Figure 8 shows how the water bridge annihilation time (defined as the time between the removal of the field and the disconnection of the top and bottom water groups) varies with the radius of the water column when the field is removed. In WVW systems the water bridge collapses very quickly (<0.3 ns) when the initial bridge radius is less than 1.2 nm. Water bridges with radii larger than 1.2 nm are stable for about 10 ns before annihilation, and the annihilation time is independent of bridge radius for values up to 2.0 nm.

Fig. 8
figure 8

a Water bridge annihilation time versus initial water bridge radius for POPC and WVW systems. b Same WVW data plotted with an expanded vertical axis. Each data point is the average of at least 3 simulations. Error bars are the standard deviation

In contrast with WVW systems, annihilation time in POPC systems is dependent on bridge radius. Annihilation of a phospholipid membrane pore involves the rearrangement of both water and lipids. Since larger pores incorporate more lipids which must move back into the bilayer, it is not surprising that water bridge annihilation times are much longer in POPC systems than they are in WVW systems.
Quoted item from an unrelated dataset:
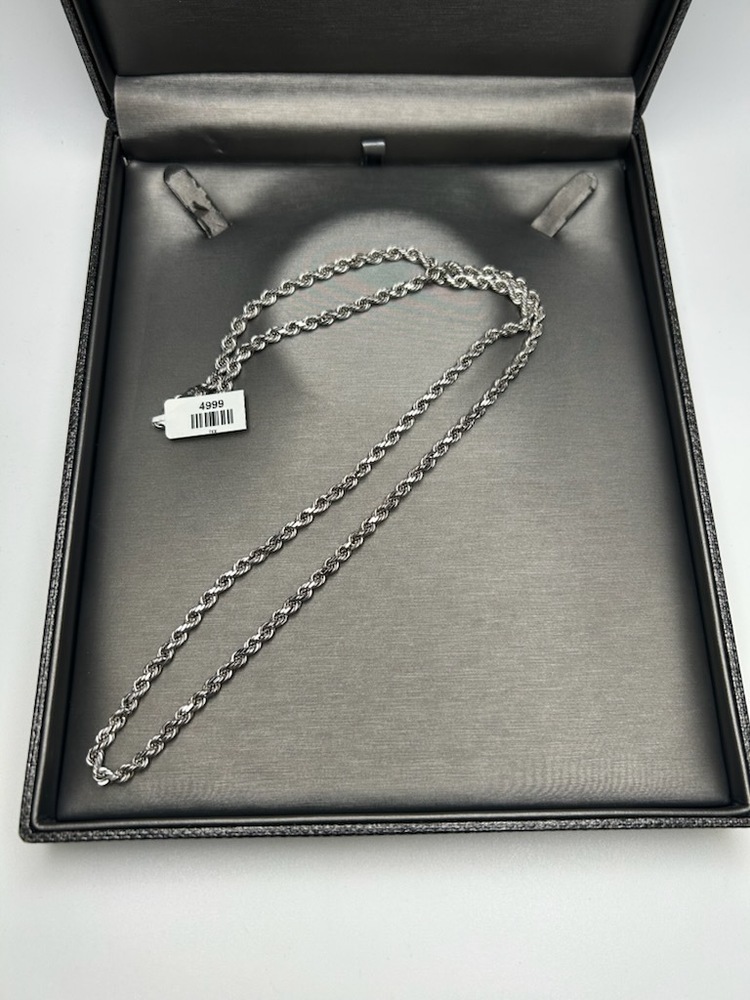 10k white gold, weighing 28.10g, 24 inches long, rope link.

We can conclude that the dynamics of electropore annihilation in phospholipid bilayers are determined primarily by the properties of the lipids, and that the lifetime of the water bridge in a POPC system is extended by the hydrophilic interaction between the bridge water and the pore lipids.

Summary

We performed MD simulations to study the water bridge in WVW and POPC systems during different stages of electropore formation in order to delineate the roles of water and lipids. The dynamics of water bridge formation in both systems are similar, and both systems exhibit an exponential decrease in water bridge initiation time with increasing external electric field.

Once a water bridge has formed, the radius of the bridge in both POPC and WVW systems increases roughly linearly with the magnitude of the sustaining electric field over the range of values we examined. For a given value of the sustaining field, the radius of the water bridge is larger in a WVW system than in a POPC system. Changes in bridge radius in response to changes in applied electric field are faster in WVW systems than in POPC systems.

Annihilation of the water bridge occurs much faster in a WVW system than in a POPC system. Water bridge annihilation time does not increase with the radius when the radius is above 1.2 nm in WVW systems, but it increases significantly with the radius in POPC systems, suggesting that hydrophilic interactions between the water and the lipid pore wall and among the pore lipids themselves contribute to the stabilization of a phospholipid electropore, and that the properties of the lipids are key determinants of the stability of the electropore.